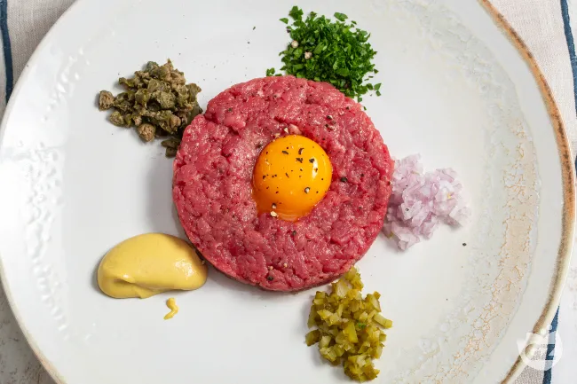 Al centro di questa sinfonia sensoriale, lo scamone si scioglie in bocca con una morbidezza vellutata, mentre lo scalogno e i capperi sotto sale introducono note vibranti che risvegliano il palato. Il tuorlo, cremoso e avvolgente, lega gli aromi in un abbraccio dorato, mentre i cetriolini sottaceto regalano scatti di freschezza croccante che rompono la ricchezza della carne.
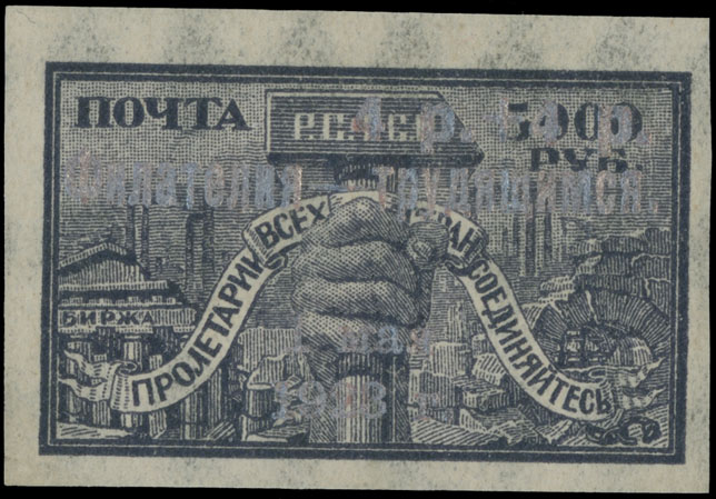 1923, Philately for the Labor, silver surcharge 4r+4r on 5000r violet, two tiny spots of missing gum at the bottom, otherwise full OG, NH, VF, C.v. $1,800, Est. $1,000-$1,200 , Scott #B42
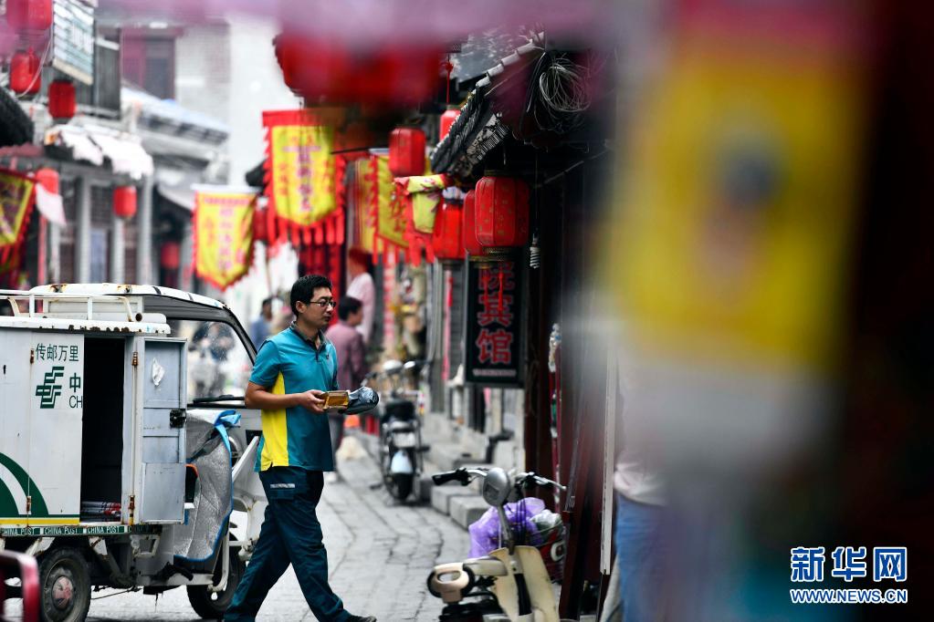 6月20日,在微山縣南陽(yáng)鎮(zhèn),郵遞員王少朋在投遞郵件。
*-*-*
Without the pictures, write out the whole listing exactly as it appears.

 Al centro di questa sinfonia sensoriale, lo scamone si scioglie in bocca con una morbidezza vellutata, mentre lo scalogno e i capperi sotto sale introducono note vibranti che risvegliano il palato. Il tuorlo, cremoso e avvolgente, lega gli aromi in un abbraccio dorato, mentre i cetriolini sottaceto regalano scatti di freschezza croccante che rompono la ricchezza della carne.
 1923, Philately for the Labor, silver surcharge 4r+4r on 5000r violet, two tiny spots of missing gum at the bottom, otherwise full OG, NH, VF, C.v. $1,800, Est. $1,000-$1,200 , Scott #B42
 6月20日,在微山縣南陽(yáng)鎮(zhèn),郵遞員王少朋在投遞郵件。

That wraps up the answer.